● **RECORDS FOR THE EXERCISE**
----
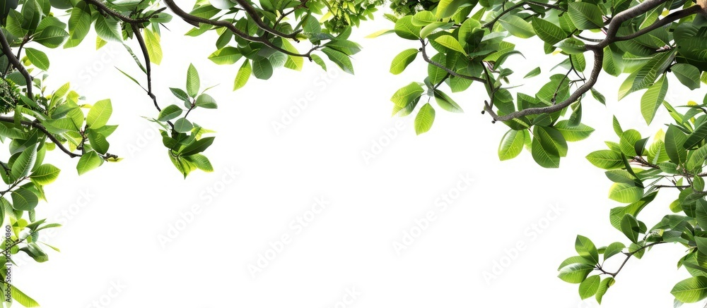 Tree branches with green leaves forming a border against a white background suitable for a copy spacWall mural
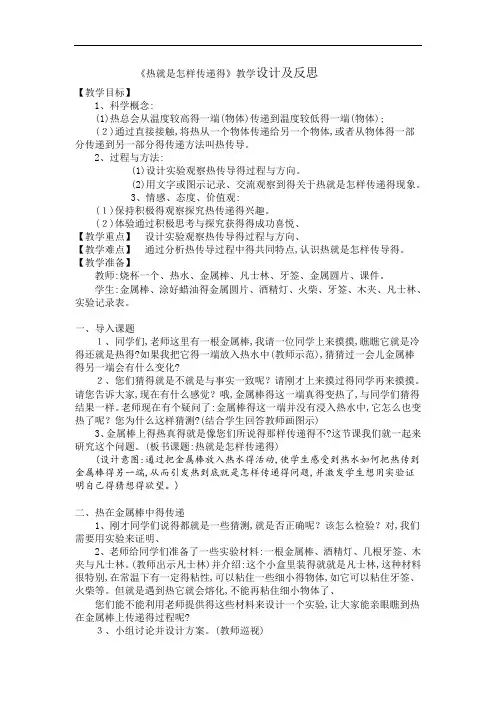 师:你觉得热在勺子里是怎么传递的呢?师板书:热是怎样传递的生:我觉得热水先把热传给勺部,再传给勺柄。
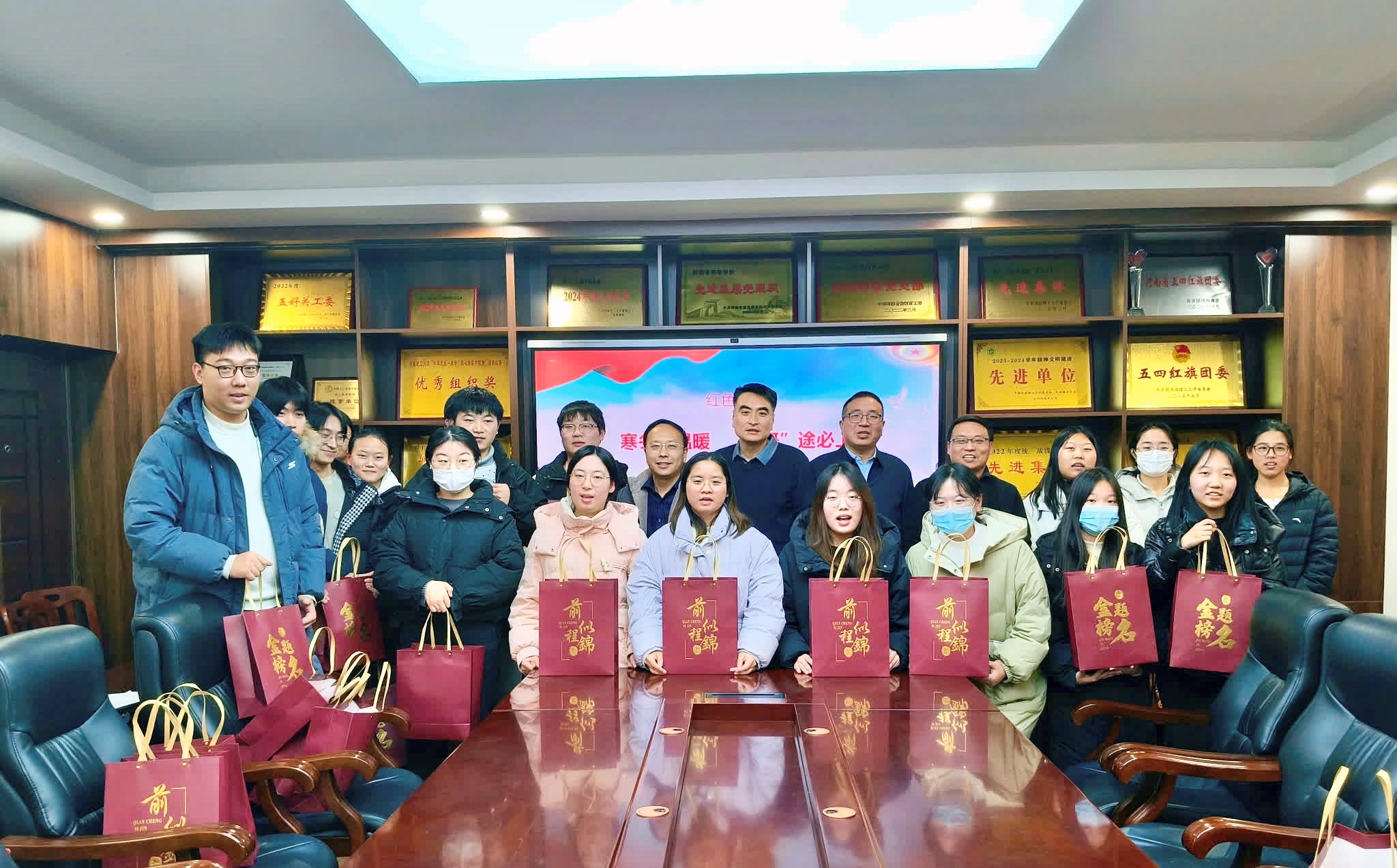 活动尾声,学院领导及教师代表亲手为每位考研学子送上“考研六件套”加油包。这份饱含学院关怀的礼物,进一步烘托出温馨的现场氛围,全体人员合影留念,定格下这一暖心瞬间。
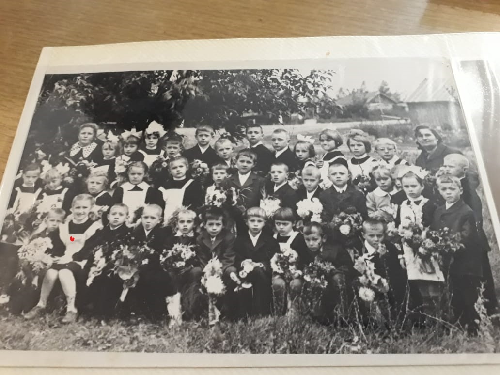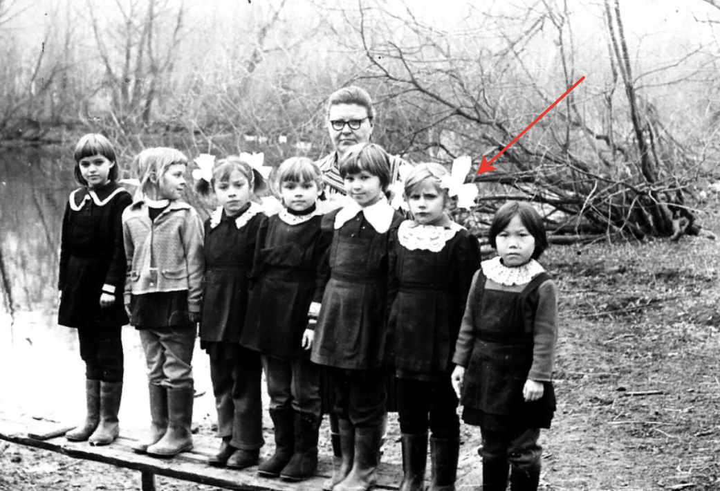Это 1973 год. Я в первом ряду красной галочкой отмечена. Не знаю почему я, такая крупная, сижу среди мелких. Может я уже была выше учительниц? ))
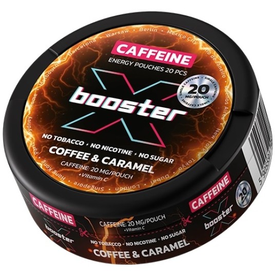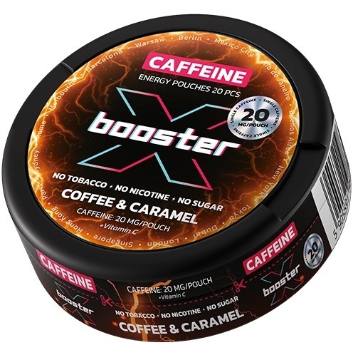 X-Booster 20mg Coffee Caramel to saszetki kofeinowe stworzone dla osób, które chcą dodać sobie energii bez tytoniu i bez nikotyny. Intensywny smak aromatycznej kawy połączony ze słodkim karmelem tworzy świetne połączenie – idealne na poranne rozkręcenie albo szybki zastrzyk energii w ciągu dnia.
----
● **WHAT YOU WILL DO**
Once the line holding "师:你觉得热在勺子里是怎么传" is found, set down that line and every line after it, exactly, through the last line of the records above, omitting pictures.

● **YOUR SOLUTION**
 师:你觉得热在勺子里是怎么传递的呢?师板书:热是怎样传递的生:我觉得热水先把热传给勺部,再传给勺柄。
 活动尾声,学院领导及教师代表亲手为每位考研学子送上“考研六件套”加油包。这份饱含学院关怀的礼物,进一步烘托出温馨的现场氛围,全体人员合影留念,定格下这一暖心瞬间。
Это 1973 год. Я в первом ряду красной галочкой отмечена. Не знаю почему я, такая крупная, сижу среди мелких. Может я уже была выше учительниц? ))
 X-Booster 20mg Coffee Caramel to saszetki kofeinowe stworzone dla osób, które chcą dodać sobie energii bez tytoniu i bez nikotyny. Intensywny smak aromatycznej kawy połączony ze słodkim karmelem tworzy świetne połączenie – idealne na poranne rozkręcenie albo szybki zastrzyk energii w ciągu dnia.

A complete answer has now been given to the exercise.